BTW, I would be grateful if somebody could provide a CUDA-compatible DCT implementation. :D
this should be mostly solved now by this pull request: #1903
I still receive the same error when attempting a 4D fft (even on the latest CUDA.jl release). Did your comment mean that the 4D fft should be working or just that some machinery is now in place to make this possible? I would be happy to help contribute to getting this functioning if someone can provide some initial guidance on what is needed. Thanks!
Thanks for bringing this up. I will try to look into this.
Yes, currenty only a total of up to 3 transform directions are supported. E.g.
fca = fft(CuArray(rand(4,4,4,4,4)), (1,3,4));
transforming directions 1,3,4 out of the 5D array does work. Do you have a use-case of a 4D FFT being needed? I guess one could try to support it by sequentially calling transforms for more trailing directions (e.g. in-place for the result), but it would presumably mean more programming work. @maleadt, any opinion on this? Should the work be invested?

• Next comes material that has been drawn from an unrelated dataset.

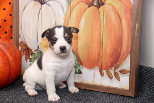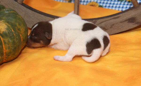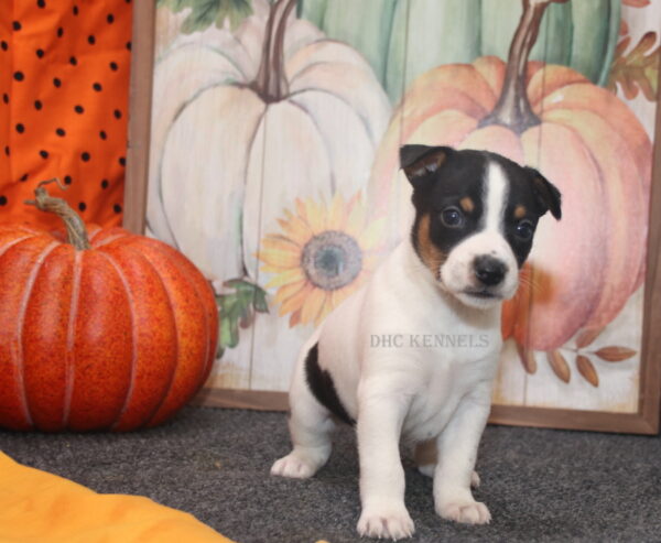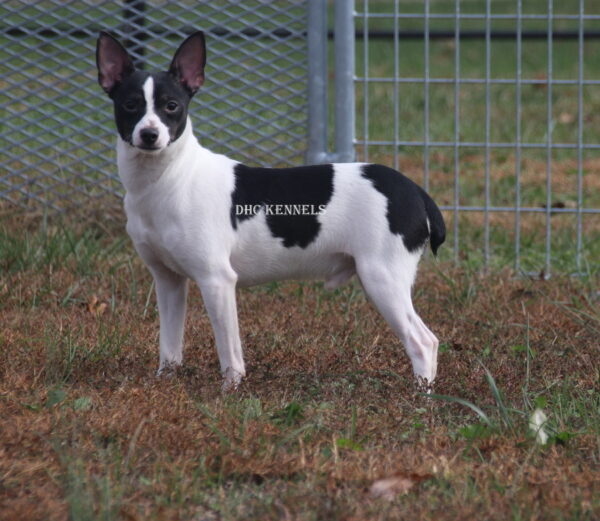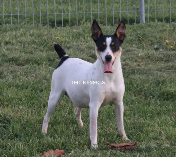 Rat Terriers are happy-go-lucky, playful, long-lived pets. As farm dogs, they generally get on well with other dogs and livestock; but as terriers, small quick-moving animals like squirrels can fire up their engines. Home and family oriented, Rat Terriers are vigilant watchdogs. They can be wary of strangers but not adverse to befriending their humans’ friends. Rat Terriers are among the most trainable of terriers, and sports like agility, fly ball, and coursing are excellent ways to socialize them and burn off excess energy. Life Expectancy: 15-18 years. They come in 4 different sizes, Toy (under 10 lbs), Mini (11-18 lbs), Standard (19-28 lbs) and Decker (29 and up). They also come in 2 different varieties- Type A -(long legged) or Type B- Short legged ( sometimes referred to as a Teddy Roosevelt.) We currently only raise the Type A- Toy, Mini and Standard sizes. All of our Rat Terriers have been health tested and are PLL clear.

Apparently there is also a new FFT library https://github.com/PaulVirally/VkFFTCUDA.jl, which possibly may want to be supported?

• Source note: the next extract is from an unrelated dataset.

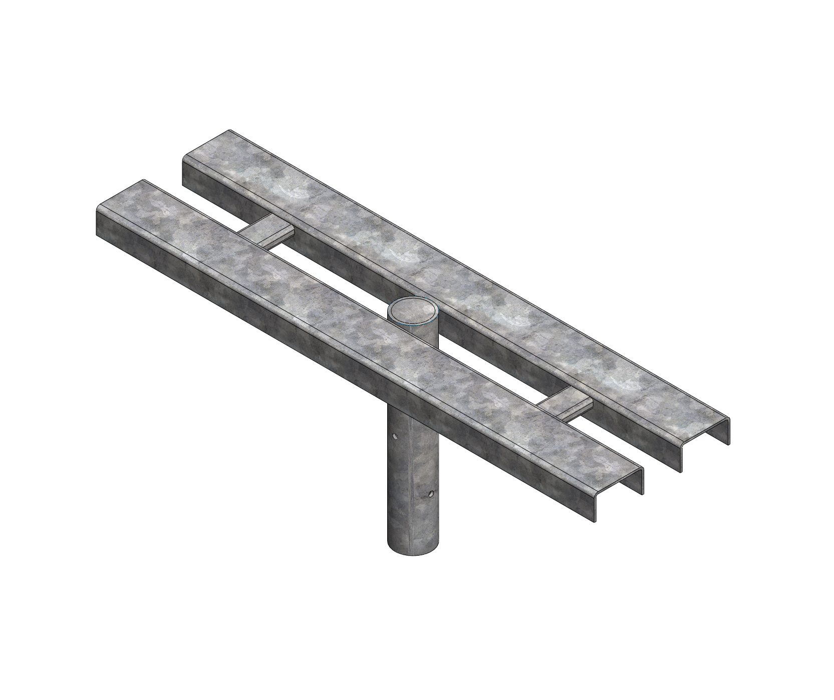 Cruceta doble horizontal de 50 cm para montaje de luminarias en postes. Fabricado en acero galvanizado en caliente.

In support of investing the work (which I'm happy to help with if pointed in the right direction), I am using 4D FFTs in conjuction with the Fourier Neural Operator (https://github.com/SciML/NeuralOperators.jl) to model 4D PDE solutions (3 spatial dimensions, and time). This is a feature that is supported in PyTorch (https://pytorch.org/docs/stable/generated/torch.fft.fftn.html#torch.fft.fftn) so I think supporting an n-dimensional FFT would help improve feature parity between julia and python ML toolkits.
@maleadt, any opinion on this?
Not really, sorry. I'm myself not a user of the CUDA FFT functionality.